Recorded information =>

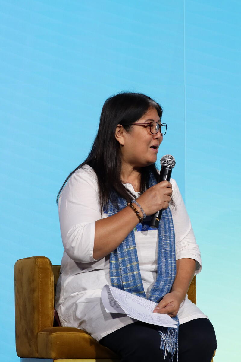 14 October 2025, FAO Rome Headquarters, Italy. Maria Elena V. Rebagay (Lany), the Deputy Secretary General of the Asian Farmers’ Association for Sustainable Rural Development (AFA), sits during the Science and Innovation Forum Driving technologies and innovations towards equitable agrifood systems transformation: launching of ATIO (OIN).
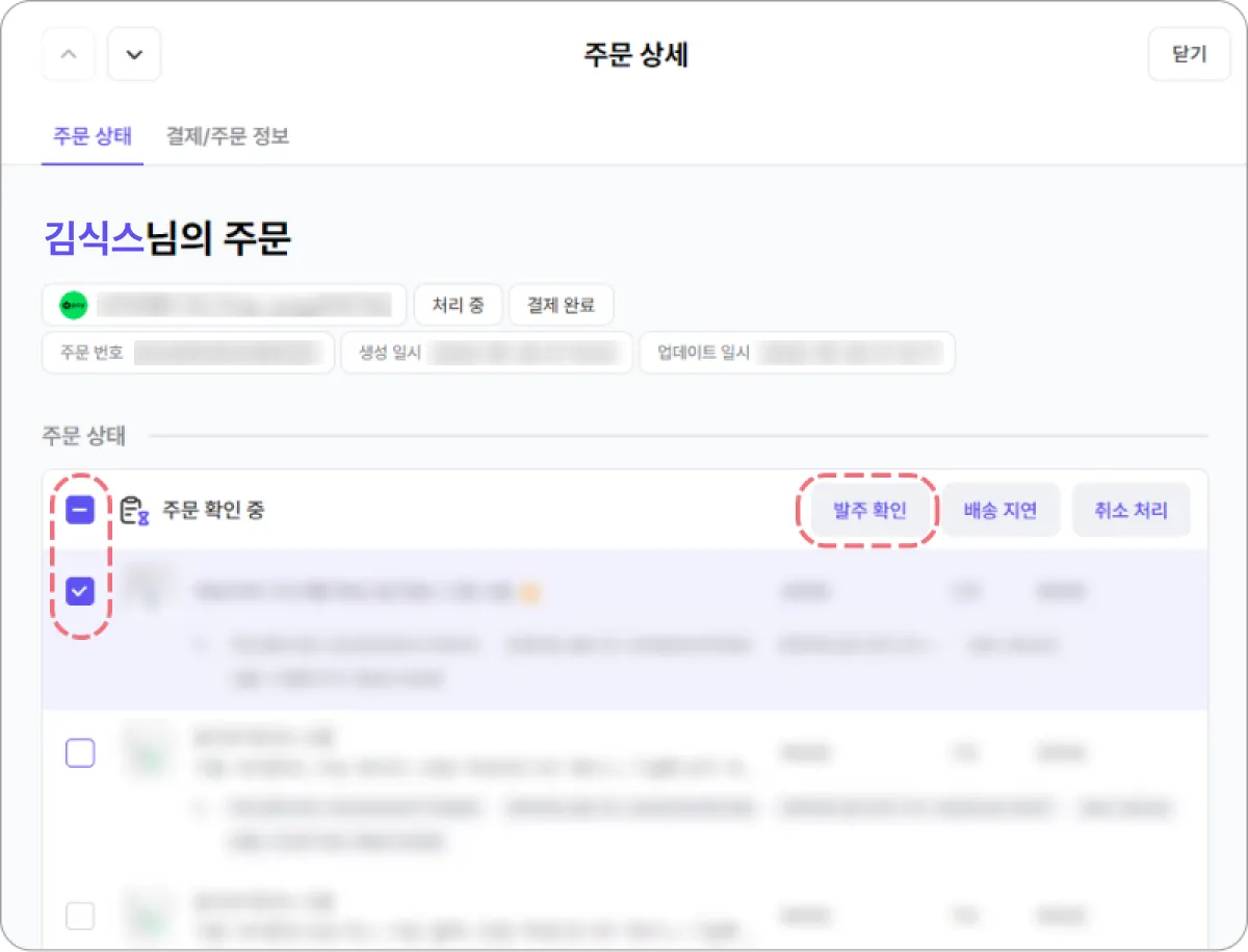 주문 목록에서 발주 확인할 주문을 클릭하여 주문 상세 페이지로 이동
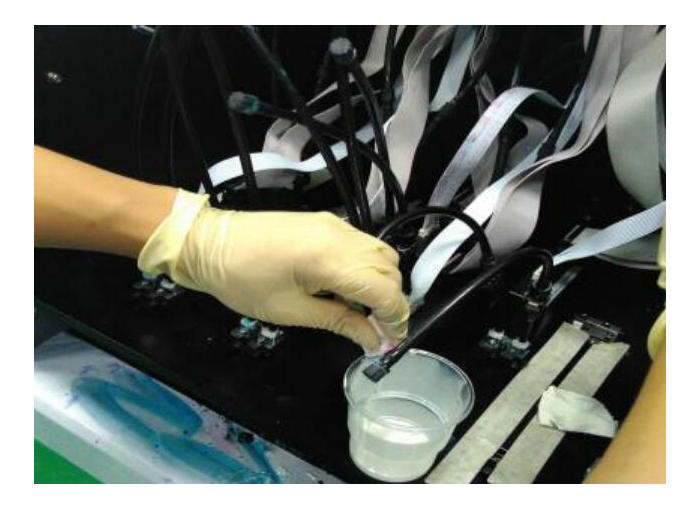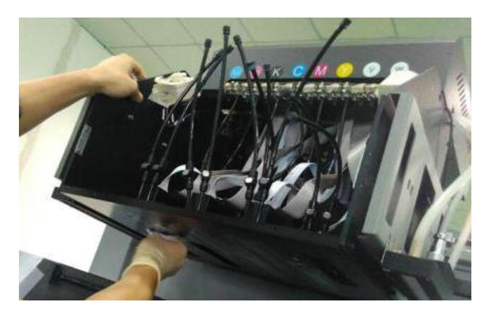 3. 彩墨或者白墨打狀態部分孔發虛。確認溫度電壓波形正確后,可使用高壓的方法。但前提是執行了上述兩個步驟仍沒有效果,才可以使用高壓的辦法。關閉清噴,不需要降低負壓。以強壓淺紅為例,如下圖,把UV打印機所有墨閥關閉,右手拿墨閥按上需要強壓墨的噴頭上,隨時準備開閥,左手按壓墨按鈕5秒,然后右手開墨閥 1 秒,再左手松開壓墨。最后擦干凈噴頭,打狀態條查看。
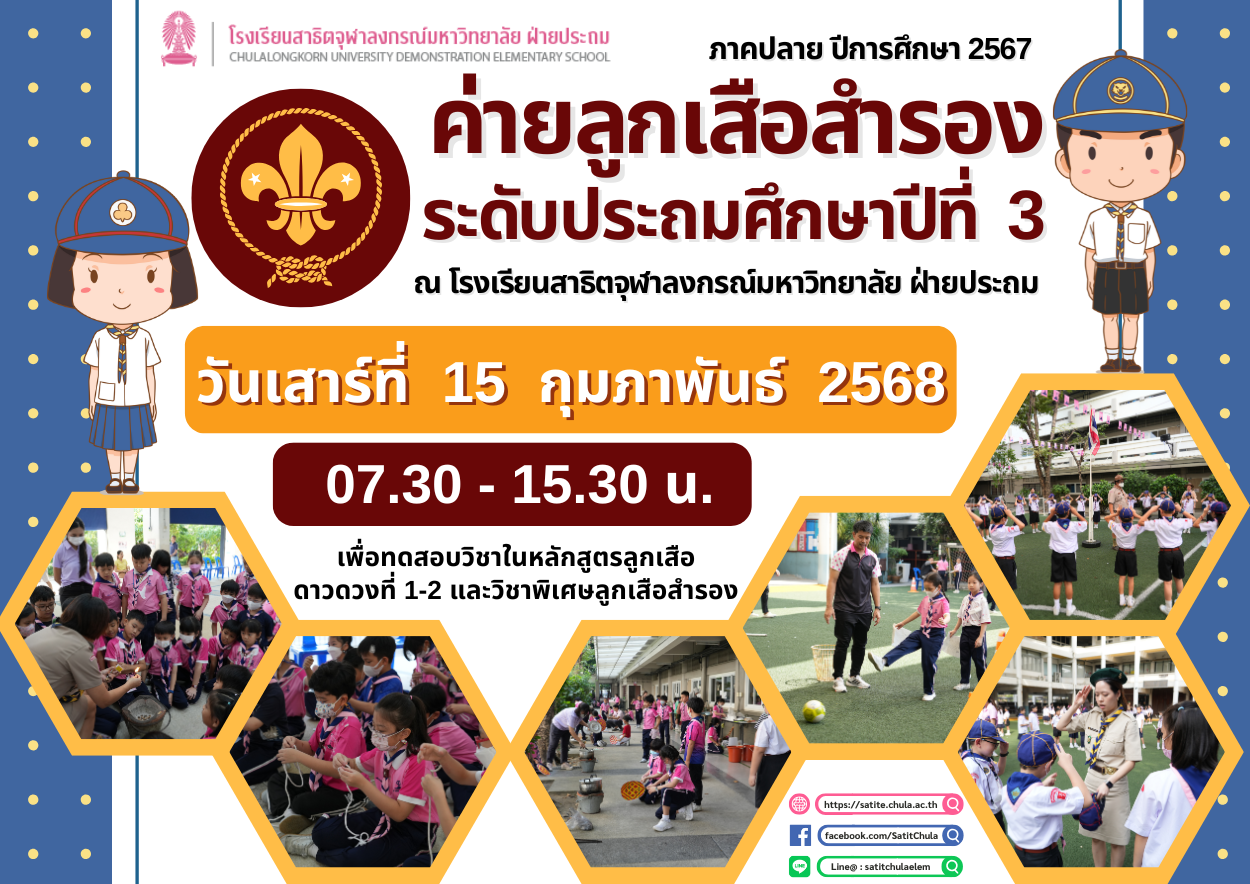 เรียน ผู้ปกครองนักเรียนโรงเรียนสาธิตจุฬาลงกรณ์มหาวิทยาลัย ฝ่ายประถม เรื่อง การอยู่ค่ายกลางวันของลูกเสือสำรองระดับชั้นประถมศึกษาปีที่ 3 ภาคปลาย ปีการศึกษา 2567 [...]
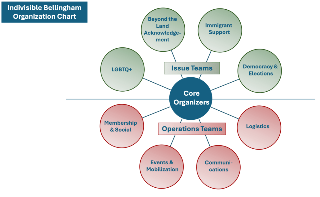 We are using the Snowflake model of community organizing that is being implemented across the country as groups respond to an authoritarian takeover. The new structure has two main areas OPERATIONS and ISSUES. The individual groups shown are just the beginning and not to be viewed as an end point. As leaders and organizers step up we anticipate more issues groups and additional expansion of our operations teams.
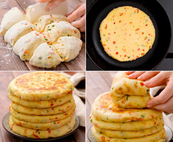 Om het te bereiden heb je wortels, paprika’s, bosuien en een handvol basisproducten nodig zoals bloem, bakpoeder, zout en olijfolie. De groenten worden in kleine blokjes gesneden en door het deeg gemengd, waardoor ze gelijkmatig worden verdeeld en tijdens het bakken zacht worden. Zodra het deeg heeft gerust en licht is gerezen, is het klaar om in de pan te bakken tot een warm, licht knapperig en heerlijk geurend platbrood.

What this task involves => Set out nothing but the lines from the line with "ปีการศึกษา 2567 [...]" through the end of the material, reproduced exactly, both ends included, pictures omitted.

Solution to this exercise =>
 เรียน ผู้ปกครองนักเรียนโรงเรียนสาธิตจุฬาลงกรณ์มหาวิทยาลัย ฝ่ายประถม เรื่อง การอยู่ค่ายกลางวันของลูกเสือสำรองระดับชั้นประถมศึกษาปีที่ 3 ภาคปลาย ปีการศึกษา 2567 [...]
 We are using the Snowflake model of community organizing that is being implemented across the country as groups respond to an authoritarian takeover. The new structure has two main areas OPERATIONS and ISSUES. The individual groups shown are just the beginning and not to be viewed as an end point. As leaders and organizers step up we anticipate more issues groups and additional expansion of our operations teams.
 Om het te bereiden heb je wortels, paprika’s, bosuien en een handvol basisproducten nodig zoals bloem, bakpoeder, zout en olijfolie. De groenten worden in kleine blokjes gesneden en door het deeg gemengd, waardoor ze gelijkmatig worden verdeeld en tijdens het bakken zacht worden. Zodra het deeg heeft gerust en licht is gerezen, is het klaar om in de pan te bakken tot een warm, licht knapperig en heerlijk geurend platbrood.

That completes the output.